WORK ITEM: Restate, exactly as written, the entries below from the line that holds "Вся мебель изготовлена" through the line that holds "Traje d'esquí impermeable". Pictures are not part of the copy.

DATA PROVIDED:
====

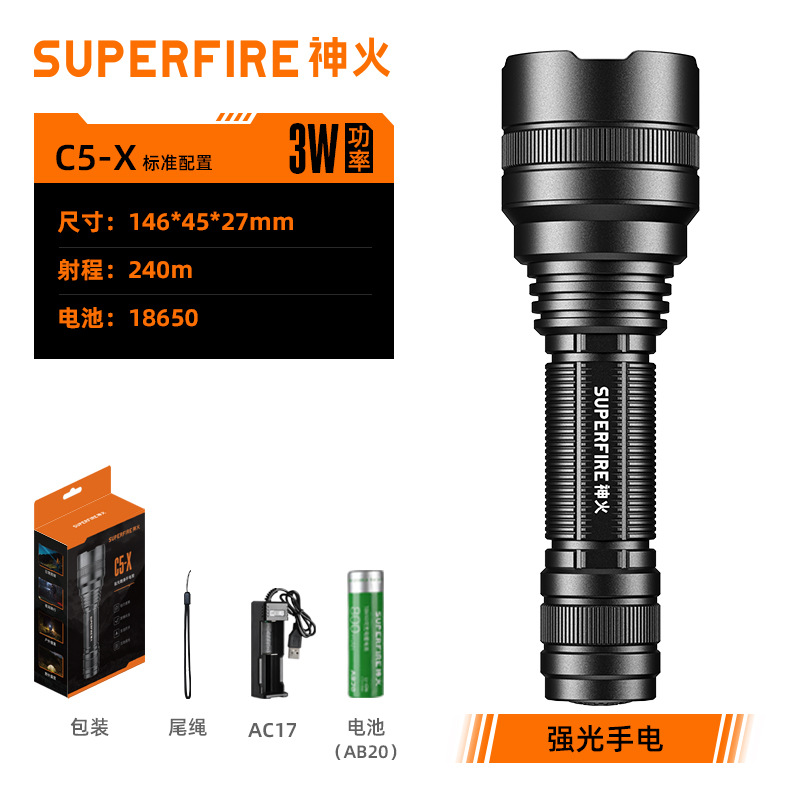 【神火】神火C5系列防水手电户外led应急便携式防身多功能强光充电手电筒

====

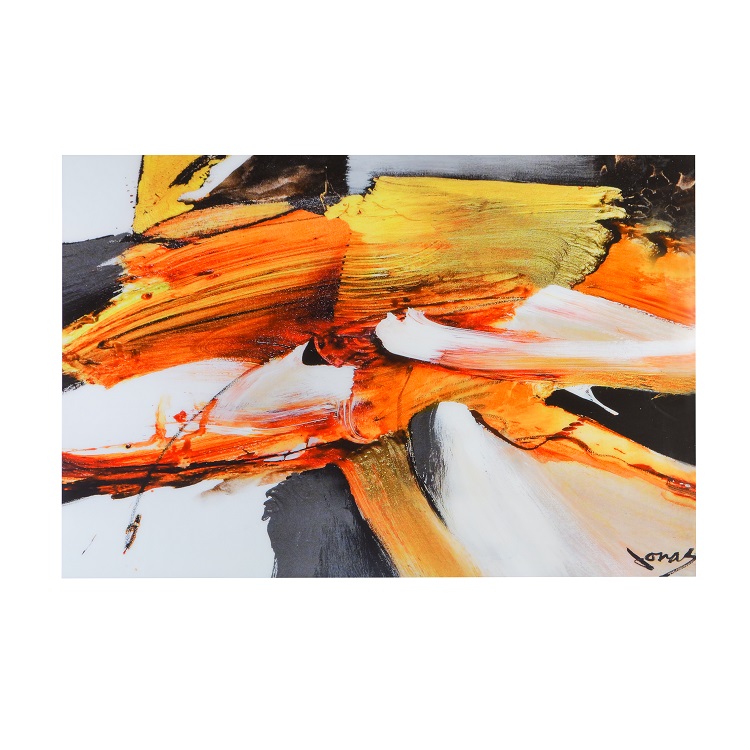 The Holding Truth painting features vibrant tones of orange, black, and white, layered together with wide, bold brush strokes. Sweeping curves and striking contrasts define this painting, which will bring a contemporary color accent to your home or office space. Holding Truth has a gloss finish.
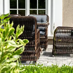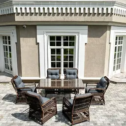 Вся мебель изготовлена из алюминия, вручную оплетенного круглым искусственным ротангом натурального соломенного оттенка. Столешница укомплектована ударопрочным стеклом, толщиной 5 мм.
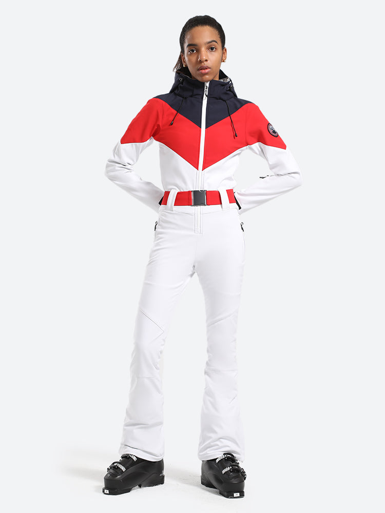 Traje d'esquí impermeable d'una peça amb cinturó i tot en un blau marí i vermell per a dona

====

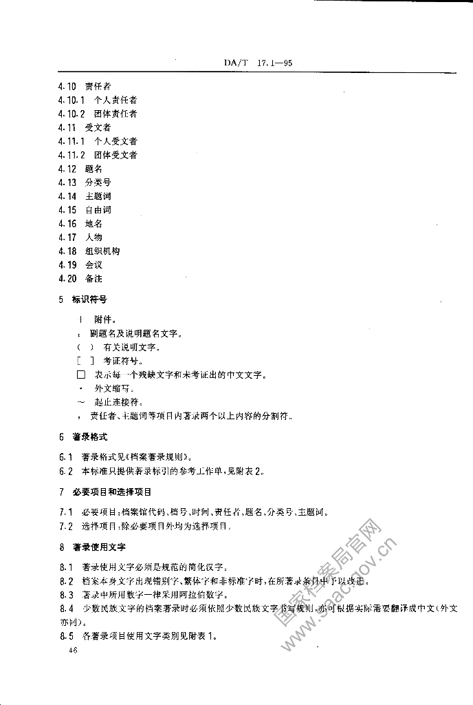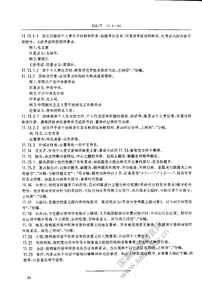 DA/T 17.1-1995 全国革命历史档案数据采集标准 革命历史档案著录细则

====

ANSWER SECTION:
 Вся мебель изготовлена из алюминия, вручную оплетенного круглым искусственным ротангом натурального соломенного оттенка. Столешница укомплектована ударопрочным стеклом, толщиной 5 мм.
 Traje d'esquí impermeable d'una peça amb cinturó i tot en un blau marí i vermell per a dona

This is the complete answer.